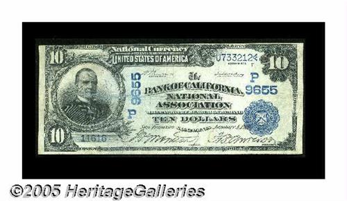 <B>From Sea to Shining Sea and Back</B></I><BR><B>San Francisco, CA</B></I> - $10 1902 Date Back Fr. 619 <B>The Bank of California</B></I> Ch. # (P)9655 <B>Fine</B></I><BR><B>New York, NY</B></I> - $20 1902 Date Back Fr. 643 <B>The National City Bank</B></I> Ch. # (E)1461 <B>VG-Fine<B><BR><B>Spokane, WA</B></I> - $5 1902 Plain Back Fr. 602 <B>The Old NB</B></I> Ch. # (P)4668 <B>Fine.</B></I><BR>
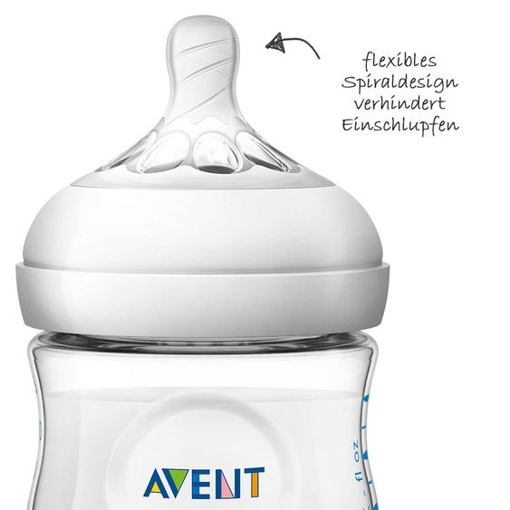 Die 125 ml PP-Flaschen Naturnah SCF030/27 von Philips AVENT haben einen ultra-weichen Silikon-Sauger Gr. 1 mit flexiblem Spiraldesign. Die besonders weiche Textur imitiert das Gefühl an der mütterlichen Brust. Der breite, brustähnliche Sauger ist zudem mit Komfortkissen ausgestattet, um eine problemlose Kombination von Stillen und Flaschenernährung zu ermöglichen. So ist naturnahes Trinken möglich, ohne dass der Sauger einschlupfen kann. Das Anti-Kolik-System verringert das Risiko, dass Dein Baby beim Trinken Luft schluckt und verhindert somit Koliken und Unwohlsein.
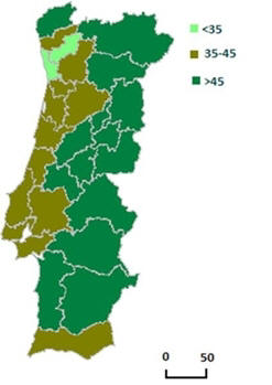 Como se observa no mapa anterior, os maiores valores de I.D.T observam-se nas zonas do interior. Assim, sempre que o seu valor é elevado, significa a existência de uma grande dependência (jovens / idosos), relativamente á população em idade activa. As razões que levam ao elevado índice de dependência total são o baixo nível de desenvolvimento económico, o elevado êxodo rural, população predominantemente idosa, ao ser idosa normalmente é não activa e há um elevado abandono dos familiares idosos por parte dos mais jovens. 5–Recursos Humanos.
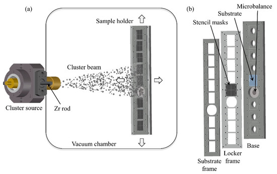(a) Schematic representation of the SCBD apparatus (not to scale): the cluster beam is produced by the pulsed microplasma cluster source (PMCS) equipped with a zirconium rod and it impinges on the sample holder. By rastering the sample holder, a patterned film is deposited on all the samples. (b) Design of the sample and stencil mask holder. The three parts ensure the right positioning of the stencil masks with respect to the deposition substrates.
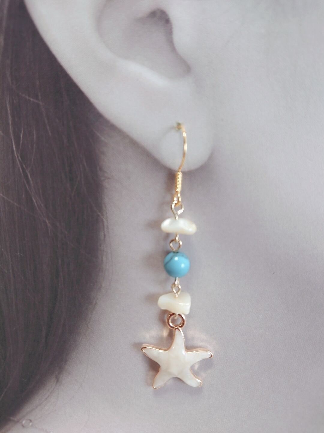 ターコイズの天然石ビーズとシェルビーズがゆらゆらゆれるデザインです☆ミ
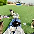 Коты здесь живут не «в общем котле», а каждый своим ритмом. Рыжий поджимает лапы у солнечного бордюра и щурится на воду. Чёрно-белый сторож обхода терпеливо сидит напротив чужих кроссовок и изучает шнурки — у него важное дело. Серый «механик» заглядывает в переноску и уходит проверять миски. Удивительно, как быстро в людях выключается желание гладить всех подряд — вместо этого появляется уважение к границам и внимательность к мелочам.
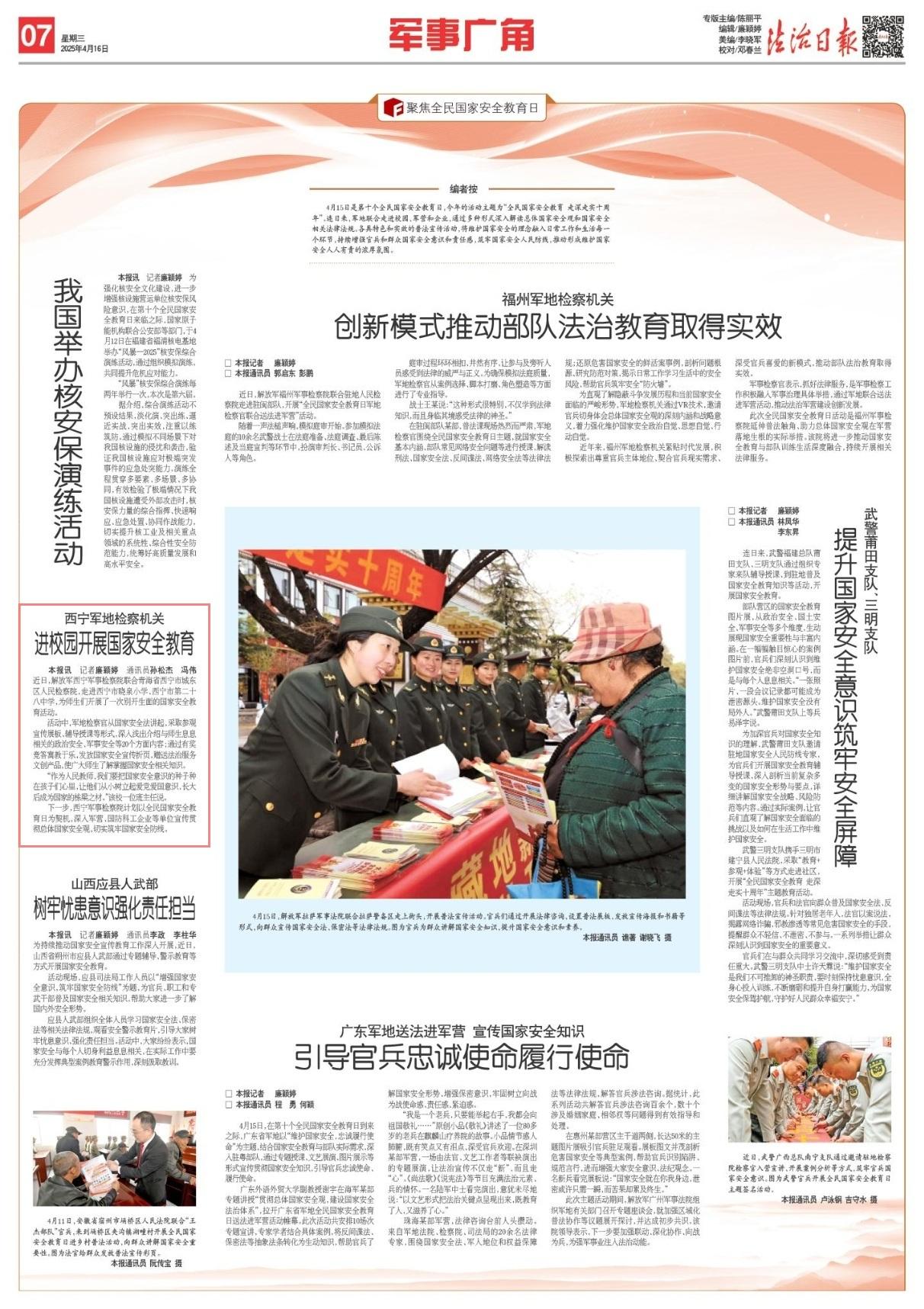 下一步,西寧軍事檢察院計劃以全民國家安全教育日為契機(jī),深入軍營、國防科工企業(yè)等單位宣傳貫徹總體國家安全觀,切實(shí)筑牢國家安全防線。

Your instructions |
Write out all of the records above. Keep them exact and leave out the pictures.

Response to this exercise |
 <B>From Sea to Shining Sea and Back</B></I><BR><B>San Francisco, CA</B></I> - $10 1902 Date Back Fr. 619 <B>The Bank of California</B></I> Ch. # (P)9655 <B>Fine</B></I><BR><B>New York, NY</B></I> - $20 1902 Date Back Fr. 643 <B>The National City Bank</B></I> Ch. # (E)1461 <B>VG-Fine<B><BR><B>Spokane, WA</B></I> - $5 1902 Plain Back Fr. 602 <B>The Old NB</B></I> Ch. # (P)4668 <B>Fine.</B></I><BR>
 Die 125 ml PP-Flaschen Naturnah SCF030/27 von Philips AVENT haben einen ultra-weichen Silikon-Sauger Gr. 1 mit flexiblem Spiraldesign. Die besonders weiche Textur imitiert das Gefühl an der mütterlichen Brust. Der breite, brustähnliche Sauger ist zudem mit Komfortkissen ausgestattet, um eine problemlose Kombination von Stillen und Flaschenernährung zu ermöglichen. So ist naturnahes Trinken möglich, ohne dass der Sauger einschlupfen kann. Das Anti-Kolik-System verringert das Risiko, dass Dein Baby beim Trinken Luft schluckt und verhindert somit Koliken und Unwohlsein.
 Como se observa no mapa anterior, os maiores valores de I.D.T observam-se nas zonas do interior. Assim, sempre que o seu valor é elevado, significa a existência de uma grande dependência (jovens / idosos), relativamente á população em idade activa. As razões que levam ao elevado índice de dependência total são o baixo nível de desenvolvimento económico, o elevado êxodo rural, população predominantemente idosa, ao ser idosa normalmente é não activa e há um elevado abandono dos familiares idosos por parte dos mais jovens. 5–Recursos Humanos.
(a) Schematic representation of the SCBD apparatus (not to scale): the cluster beam is produced by the pulsed microplasma cluster source (PMCS) equipped with a zirconium rod and it impinges on the sample holder. By rastering the sample holder, a patterned film is deposited on all the samples. (b) Design of the sample and stencil mask holder. The three parts ensure the right positioning of the stencil masks with respect to the deposition substrates.
 ターコイズの天然石ビーズとシェルビーズがゆらゆらゆれるデザインです☆ミ
 Коты здесь живут не «в общем котле», а каждый своим ритмом. Рыжий поджимает лапы у солнечного бордюра и щурится на воду. Чёрно-белый сторож обхода терпеливо сидит напротив чужих кроссовок и изучает шнурки — у него важное дело. Серый «механик» заглядывает в переноску и уходит проверять миски. Удивительно, как быстро в людях выключается желание гладить всех подряд — вместо этого появляется уважение к границам и внимательность к мелочам.
 下一步,西寧軍事檢察院計劃以全民國家安全教育日為契機(jī),深入軍營、國防科工企業(yè)等單位宣傳貫徹總體國家安全觀,切實(shí)筑牢國家安全防線。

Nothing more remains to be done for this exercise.